Disney did *not* really have a close relationship with ABC back then and The Disney Sunday Movie was the first association between the two companies in 25 years. ABC did air the original Disneyland TV show from 1954-61, but Walt left them for NBC because they weren't broadcasting in color. NBC aired Disney programming for the next 20 years. Even this association in 1986 was tentative, as ABC cancelled it in 1988 and Disney moved back to NBC for the next two years.
@@80sCommercialVault Did ABC cancel it because of low ratings? I mean we watched it back then. What else was on Sunday nights back then? ESPN didn’t even get Sunday Night Baseball and Sunday Night Football until 1990.

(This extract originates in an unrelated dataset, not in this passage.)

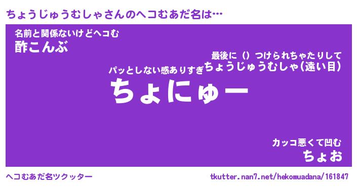 | 男性向けラノベタイトル風あだ名 | 『ちょうじゅうむしゃの憂鬱』 |

Partly, yes. It competed primarily against "60 Minutes" and "Murder She Wrote" on CBS. "Murder She Wrote" dominated the ratings back then and averaged 30 million viewers.
@@80sCommercialVault Wow. I had no idea Murder, She Wrote was so popular. My parents never watched it so I never think about it much. I know 60 Minutes was popular but I thought the Disney Sunday movie was on after 60 Minutes ended, I was 6-8 years old at the time so my memory probably isn’t the most reliable. Jaguargator9 did a video about the first time ABC tried to make Sunday Night Football in the late 70’s and it was a ratings disaster because they couldn’t compete with 60 Minutes and All in the Family.
@bostonkid1979 If you actually take the time to read the video description, all the movies that are featured in this intro are listed. The movie shown here is "Help Wanted: Kids".
@mattjnor98 His point is that the Disney Company is now a purely profit-driven enterprise and no longer considers taking risks or breaking creative ground like it once did. Walt Disney was a capitalist, but prided himself in constantly making gambles and putting creativity before profit. Also, I personally think Disney has created very little of value in the last 15-20 years. The problem is more systemic than the garbage they program on the Disney Channel.
I'm pretty sure in the UK ITV used this intro when playing Disney movies in the 90s. (They recycled a few US cable themes, the Disney Afternoon instrumental theme ended up the intro for 'Disney Club').